Commissioner of Internal Revenue 51 T.C. 13 Tax Court, 1968 Filed October 7, 1968. [*13] COUNSEL: Henry B. Smith, for the petitioner. Charles B. Sklar, for the respondent. Held, 1. Under Georgia law petitioner is liable as transferee of
an insolvent corporation to the extent of cash transfers made without valuable
consideration. 2. Interest runs from the date of each transfer on the amount
transferred at 7 percent per annum, the legal interest rate in Georgia. 3. Assessment and collection of such amounts from petitioner as
transferee are not barred by the statute of limitations.

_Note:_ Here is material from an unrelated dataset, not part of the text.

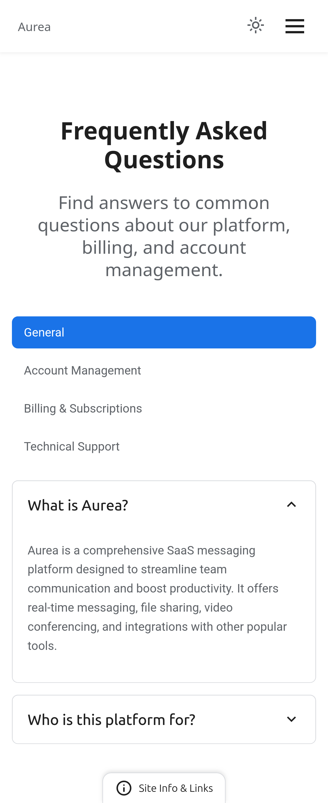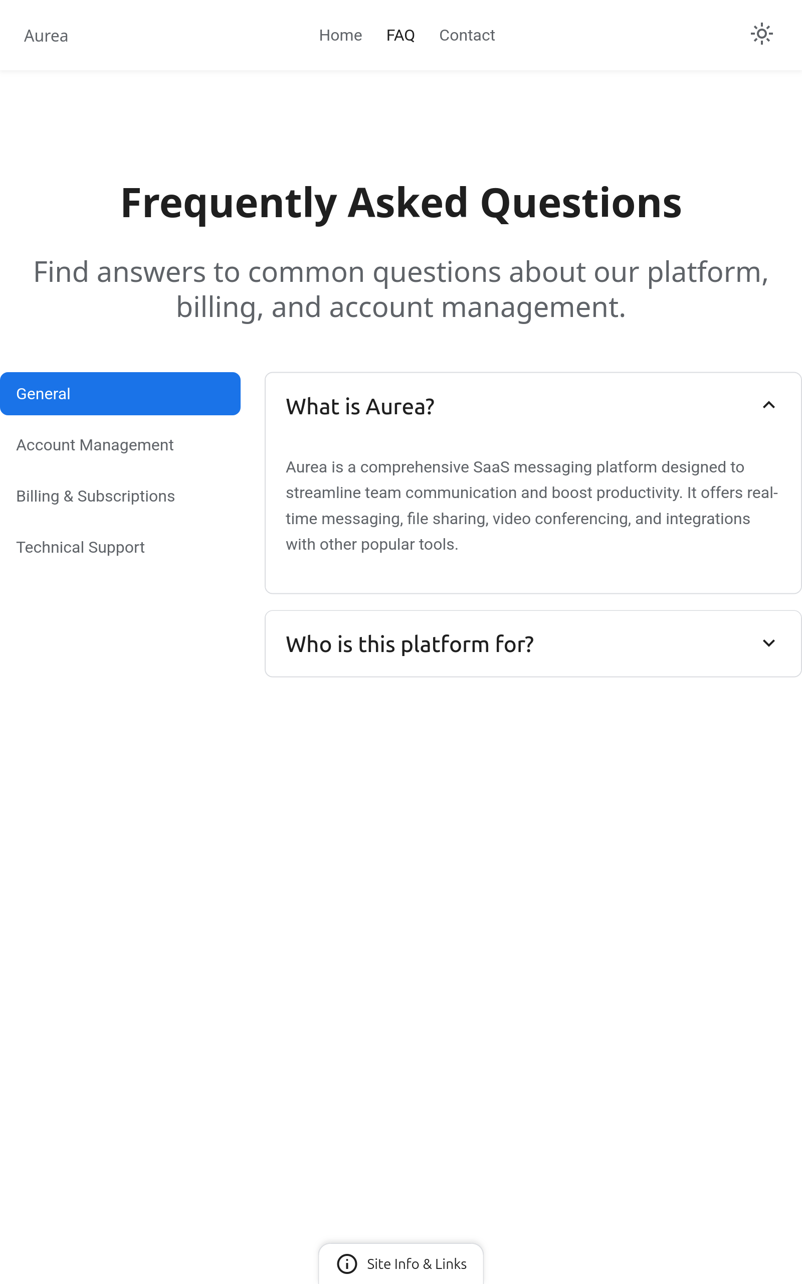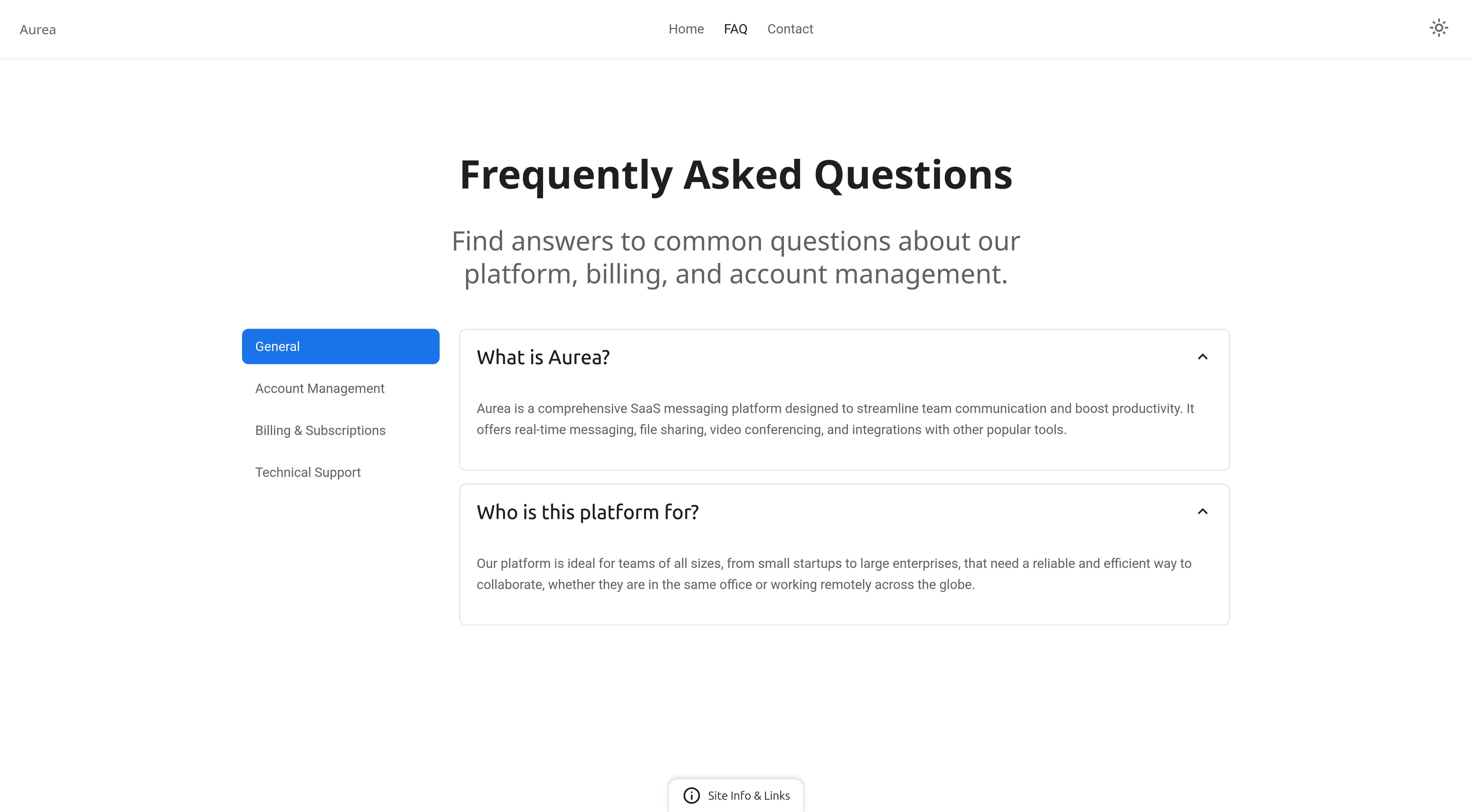 FAQ page

JUDGE: DAWSON, Judge: Respondent has asserted against petitioner limited transferee
liability of $12,000, plus interest thereon as provided by law, for an income
tax deficiency due from Swinks Construction Co., transferor, for the taxable
year ended June 30, 1959, in the amount of $105,736.60 and additions to tax
under sections 6651(a) and 6653(a), I.R.C. 1954, in the amounts of $26,434.15
and $5,286.83, respectively. Since the deficiency and additions to tax due from Swinks
Construction Co. for the taxable year ended June 30, 1959, have been
established by a prior order of this Court, the only two issues remaining for
decision are (1) whether petitioner is liable as a transferee to the extent of
$12,000, plus interest thereon as provided by law, for the unpaid income tax
deficiency and additions to tax due from Swinks Construction Co. and (2)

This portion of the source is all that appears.